Probabilistic threshold k nearest neighbor queries over moving objects in symbolic indoor space

Bin Yang 0002, Hua Lu, Christian S. Jensen. Probabilistic threshold k nearest neighbor queries over moving objects in symbolic indoor space. In Ioana Manolescu, Stefano Spaccapietra, Jens Teubner, Masaru Kitsuregawa, Alain Léger, Felix Naumann, Anastasia Ailamaki, Fatma Özcan, editors, EDBT 2010, 13th International Conference on Extending Database Technology, Lausanne, Switzerland, March 22-26, 2010, Proceedings. Volume 426 of ACM International Conference Proceeding Series, pages 335-346, ACM, 2010. [doi]

Abstract

The availability of indoor positioning renders it possible to deploy location-based services in indoor spaces. Many such services will benefit from the efficient support for k nearest neighbor (kNN) queries over large populations of indoor moving objects. However, existing kNN techniques fall short in indoor spaces because these differ from Euclidean and spatial network spaces and because of the limited capabilities of indoor positioning technologies.
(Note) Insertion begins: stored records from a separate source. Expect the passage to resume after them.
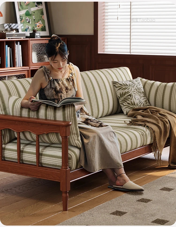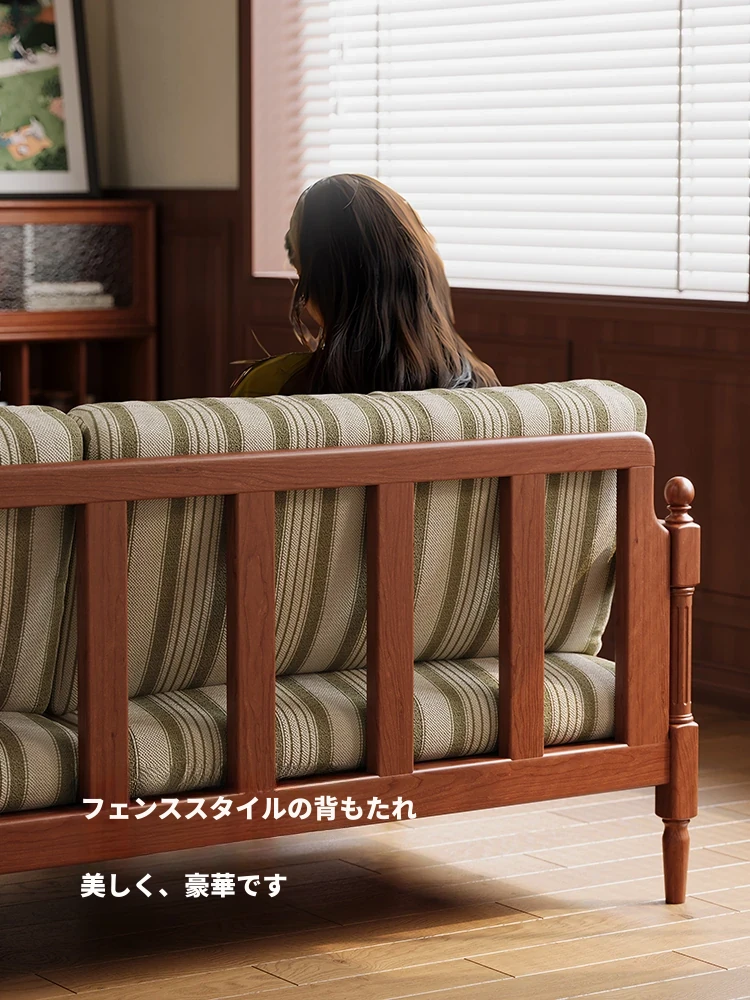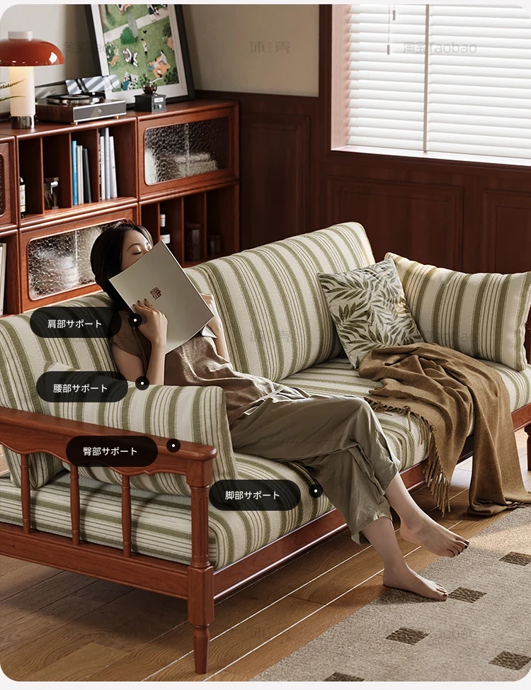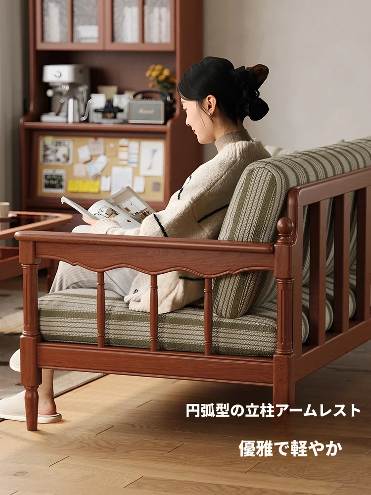 全実木製ソファ 小型リビング向け 家庭用 3人掛け 黄楊木 中古風 デタッチャブル洗濯可能 ファブリック ストレートソファで、スタイリッシュな空間を演出!
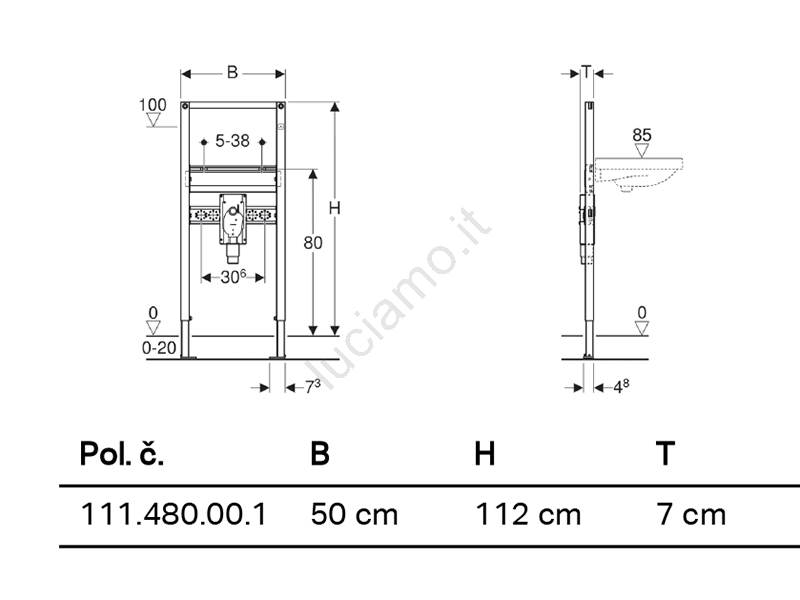 Geberit 111.480.00.1 - Modulo da incasso per lavabo sospeso Duofix 112 cm
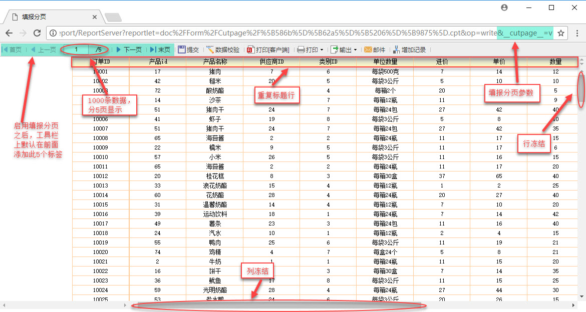 进行数据填报时,如果数据量过大,由于前端浏览器的性能限制,如果将数据全部展现出来,速度会非常的慢,影响用户体验,这时候大家就会想,填报是否能像分页预览一样进行分页呢,实现只加载当前页,从而提高性能,下面我们就来介绍填报分页的制作与浏览过程,在op=write下,使用__cutpage__=v参数(即在url后增加&__cutpage__=v)来启用填报横向不分页纵向分页。

To contend with indoor settings, we propose the new concept of minimal indoor walking distance (MIWD) along with algorithms and data structures for distance computing and storage; and we differentiate the states of indoor moving objects based on a positioning device deployment graph, utilize these states in effective object indexing structures, and capture the uncertainty of object locations. On these foundations, we study the probabilistic threshold kNN (PTkNN) query. Given a query location q and a probability threshold T, this query returns all subsets of k objects that have probability larger than T of containing the kNN query result of q. We propose a combination of three techniques for processing this query. The first uses the MIWD metric to prune objects that are too far away. The second uses fast probability estimates to prune unqualified objects and candidate result subsets. The third uses efficient probability evaluation for computing the final result on the remaining candidate subsets. An empirical study using both synthetic and real data shows that the techniques are efficient.